Le rythme devient alors étrange : lent quand il faudrait creuser, rapide quand il faudrait s’arrêter. Côté interprétation, le résultat est inégal. Joel Courtney, dans le rôle de John adulte, propose un jeu plutôt sobre et crédible. Il parvient à rendre son personnage attachant, même quand le scénario ne lui donne pas beaucoup de matière. Masey McLain, qui joue Beth, apporte une certaine douceur, et DeVon Franklin, dans le rôle de l’infirmier, se démarque positivement. À l’inverse, plusieurs seconds rôles surjouent, ce qui nuit à l’aspect humain du récit. Dans un film basé sur une histoire vraie, ce décalage rend les personnages moins crédibles. Un point mérite cependant d’être souligné : le travail sur les maquillages et les prothèses.
La représentation des brûlures est réaliste et respectueuse. Rien de voyeuriste, rien de gratuit. C’est suffisamment bien fait pour marquer sans choquer inutilement. C’est d’ailleurs l’un des rares aspects techniques du film qui sort vraiment du lot. Présenté comme un film basé sur la foi, Soul on Fire entretient un rapport assez flou avec la spiritualité. La religion est évoquée, mais reste étonnamment discrète. Contrairement à d’autres productions du même genre, le film insiste davantage sur la responsabilité personnelle de John que sur une intervention divine. Sa mère lui rappelle clairement que sa reconstruction dépend aussi de lui.
Ce choix est plutôt appréciable, car il évite un discours trop appuyé. En revanche, cette retenue rend le positionnement du film un peu confus, surtout pour un public qui s’attendrait à une œuvre plus explicitement chrétienne. La représentation de la famille pose aussi question. Les proches de John sont constamment présents, toujours compréhensifs, toujours patients, même dans des situations extrêmes. Personne ne craque vraiment, personne ne montre de colère durable. Cette vision très idéalisée enlève une part de réalisme à l’histoire. Le film préfère une version lissée, presque irréelle, où tout finit par s’arranger sans trop de heurts.

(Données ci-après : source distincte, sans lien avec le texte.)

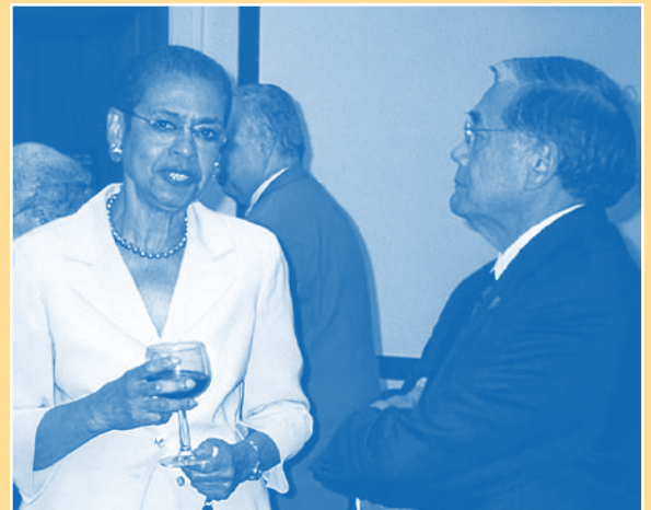
DC Delegate Eleanor Holmes Norton was one of 16 Members of Congress who attended the Congressional Reception. Norton chatted with Secretary Norm Mineta.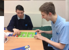
Games in Emperor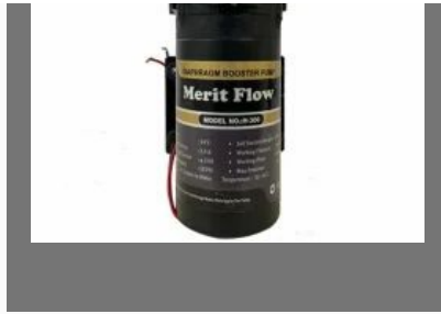
300 Gpd Ro Membrane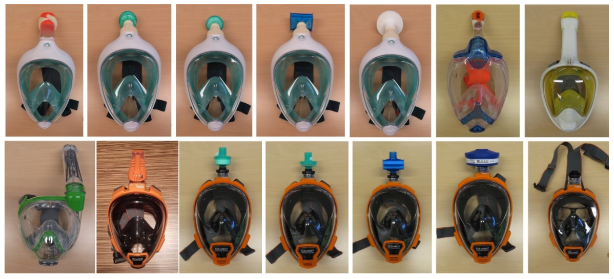
Figure 1. Snorkel mask configurations tested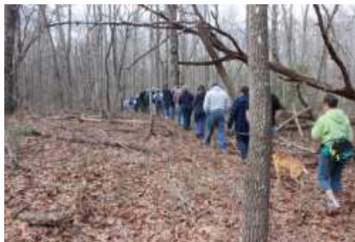
On the trail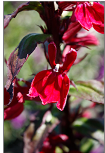
Starship Burgundy Lobelia flowers

Starship Burgundy Lobelia is recommended for the following landscape applications;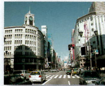
GINZA SHOPPING DISTRICT (Drive through) (example)

Au final, Soul on Fire illustre bien une limite fréquente du cinéma inspiré de faits réels : une histoire forte ne suffit pas à faire un bon film. Malgré un parcours de vie impressionnant, le long-métrage reste trop plat, trop sage, et trop prévisible. Il se regarde sans déplaisir lors d’une soirée tranquille, mais laisse peu de traces une fois terminé. L’intention est louable, le message respectable, mais la forme manque de personnalité et de profondeur pour réellement marquer les esprits.
Note : 4/10. En bref, Soul on Fire illustre bien une limite fréquente du cinéma inspiré de faits réels : une histoire forte ne suffit pas à faire un bon film. Malgré un parcours de vie impressionnant, le long-métrage reste trop plat, trop sage, et trop prévisible.